The problem was one of timing. At a point when serialism was the shibboleth for a new generation of composers, Barber’s adherence to post-Romantic lyricism, with its echoes of Richard Strauss rather than Schoenberg, must have seemed hopelessly and almost perversely outdated.
But times have changed. In today’s more pluralist classical world, Barber’s first full-length opera is being looked at again and has recently enjoyed a number of major revivals. Wexford presented it successfully in 2016, and now Glyndebourne follows up with what is the first full-scale professional staging of the piece in the UK – 60 years after the work’s launch.
It has been worth the wait. Barber’s score is technically impeccable. Himself a singer of some distinction, he writes for the voice with confident skill, while his orchestration is a thing of consistent beauty and imagination, its virtues marvellously displayed at Glyndebourne by the London Philharmonic under conductor Jakub Hrusa.
Doubts will remain about the libretto, by Barber’s long-term partner Gian Carlo Menotti. In his original scenario, set in some unspecified Northern country around 1905, Vanessa keenly awaits the arrival of her former lover Anatol, a man she last saw 20 years before. But when he turns up it is not the Anatol she knew – who is dead – but his son, who quickly engages her affections as well as those of her niece, Erika.

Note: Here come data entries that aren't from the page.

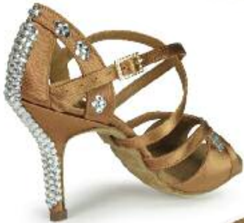
BIANCA CRYSTAL TAN SATIN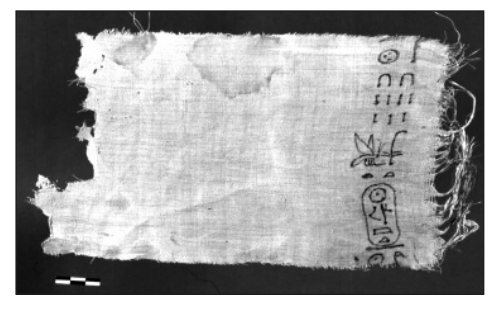
Fig. 6. Bandage inscribed with the name of vizier Padiamonet; from shaft tomb 8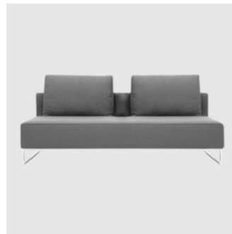
Canyon LOUNGE BENSEN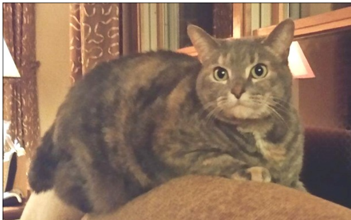
Little Girl, a full bred Manx, is available for adoption.

Congratulations on your new relationship. It's bound to be filled with fun and affection. By starting off on the right foot, you can cut short the adjustment period.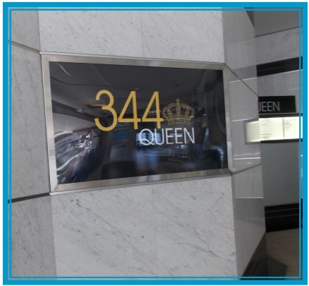
The building number is shown prominently at street level.

344 Queen St is an additional address we now have for U3A. Two large rooms have been rented on the first floor of these premises. During the week I went into the City to check out where the building is and the various facilities that are available in the immediate vicinity.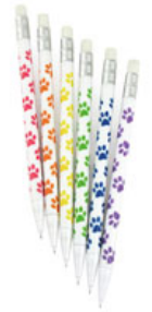
PAW PRINT MECHANICALS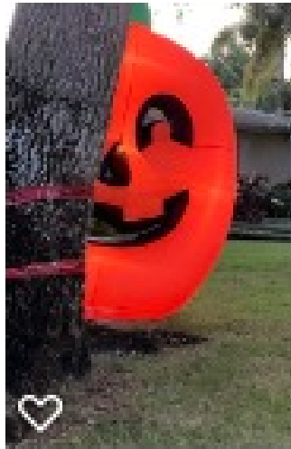
The Peek-a-boo Pumpkin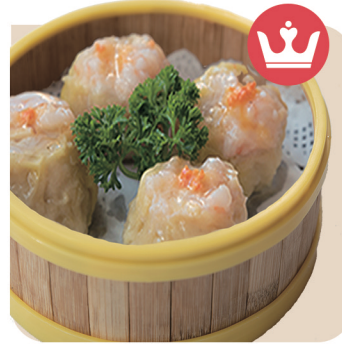
Steamed Dim Sum (Pork&Prawn) 鮮蝦燒賣皇 $10.80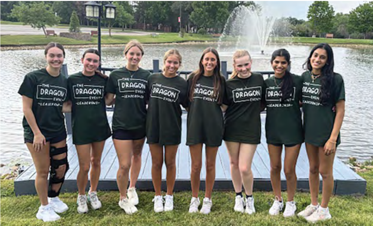
Saturday, April 26 was a campus workday at White’s Chapel, with numerous volunteers from Carroll High School pitching in for an assortment of tasks around the property.

And what I want to say to our graduates, I want to say to all of us: You’re about to merge onto new highways—college, careers, new communities. Some days you’ll feel unstoppable. Other days you’ll be tempted to pull over and call it quits. But don’t settle for easy. Don’t mistake rest for retreat. God’s best dreams are almost always just past the place you feel like stopping. And church family, the same goes for us. Faith has no retirement plan. Growth has no expiration date. We are all still called forward—onward—deeper into grace, closer to Christ, bolder in love. Keep driving. And keep trusting... for the best is yet to come!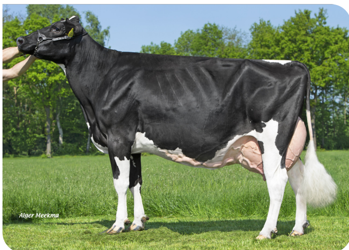
HBC Jerudo Alves AD (fullsister of FaWi Pirlo rc) Owner: Melkveebedrijf Grashoek b.v., Grashoek (NL)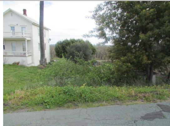
Looking east at vegetation on landside slope.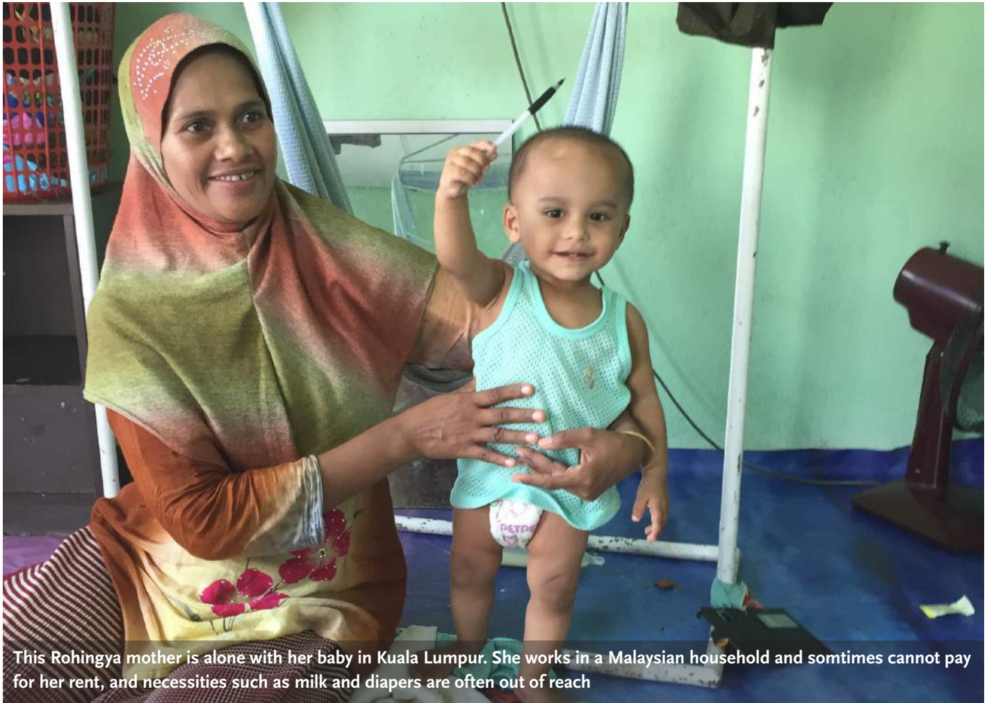
This Rohingya mother is alone with her baby in Kuala Lumpur. She works in a Malaysian household and sometimes cannot pay for her rent, and necessities such as milk and diapers are often out of reach

employers accountable for exploiting them, including through bribes, sexual and physical violence, or other criminal acts. Malaysia is a signatory to the Convention on the Rights of the Child (CRC) and therefore has agreed to protect all children from discrimination regardless of immigration status, among other obligations. And while Malaysia inserted a reservation to Article 7 of the CRC, which obligates states to register new births and confer nationality, Malaysia's Federal Constitution is consistent with this obligation, providing that citizenship be extended to children born in the Malaysian Federation who cannot acquire citizenship of another country by registration within one year of birth. 8 Yet, there are second and third generation Rohingya who were born in Malaysia, have lived in the country their whole lives, but remain stateless and without access to any of the rights and services provided to citizens, including education and health care. In line with Malaysia's Federal Constitution, the nation should recognize Rohingya children as citizens by operation of law if they were born in the Malaysian Federation and cannot acquire citizenship of another country by registration within one year of birth – which will be applicable in almost all cases of Rohingya births in Malaysia.

The surprise ending sees Vanessa and Anatol set off for a new life in Paris while the distraught Erika settles down for her own period of waiting.
Menotti’s would-be poetic text is not always fortunately phrased, and Keith Warner’s production arguably hints at answers to nagging questions about the true relationship between the three central characters that are better left ambiguous.

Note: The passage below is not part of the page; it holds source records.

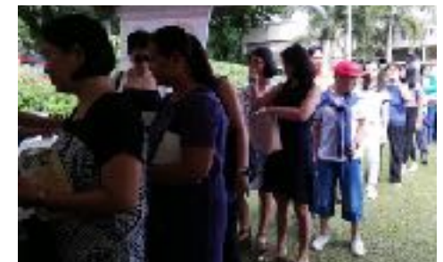
January 20, sponsored by Mustard Seed and Youth Ministries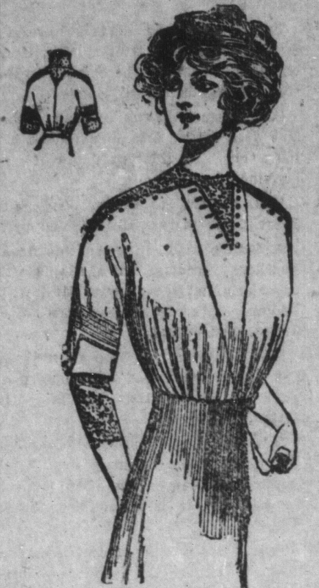
FANCY PEASANT BLOUSE.

This Adjunct of the Toilet Completes a Charming Hat Effect. Of course she wears a veil if she wishes to be in the fashion and also if she likes to keep her well curled head in trim, orderly style. Black and white lace veils which hang straight from the brim of the hat are very smart fringed. They add a bit of charm to a charming hat or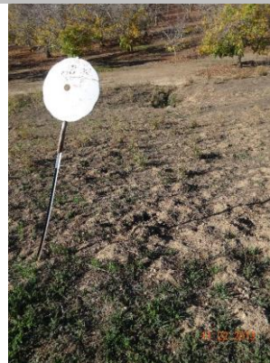
View of waterward side--burrow activity present on slope.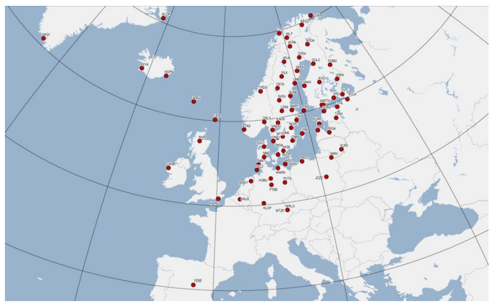
Figure 1.1: The NKG EPN AC sub-network of 88 permanent reference stations for GNSS.

The NKG GNSS analysis centre project was declared fully operational in April 2017 and it is chaired by Lantmäteriet (Lahtinen et al., 2018). The project aims at a dense and consistent velocity field in the Nordic and Baltic area. Consistent and combined solutions are produced based on national processing following the EPN analysis guidelines. A reprocessing of the full NKG network of reference stations including all Nordic and Baltic countries for the years 1997– 2016 has been completed and the time series analysis has been finalised during 2018.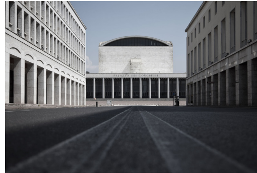
figure 2: Palazzo dei Congressi, Rome. Libera, 1938-54.

Other than that, Warner and his designer Ashley Martin-Davis do a fine job in suggesting a hothouse emotional temperature in a cold Northern clime, and the neediness of the two women whom the shallow Anatol finds he can wrap round his manipulative fingers.
All three roles are winningly performed. Emma Bell’s tensile soprano charts the central character’s vulnerability and self-obsession. Though French mezzo Virginie Verrez could do with clearer diction, she takes us right inside the inexperienced Erika’s mindset. Edgaras Montvidas’s clean-cut tenor conveys the confident charm that brings Anatol easy conquests.
Standing out from the surround are Rosalind Plowright as the dignified, taciturn Old Baroness who knows far more than she lets on, and Donnie Ray Albert as the loyal family Doctor. Glyndebourne may have turned its attention to Barber’s opera belatedly, but they have done him proud.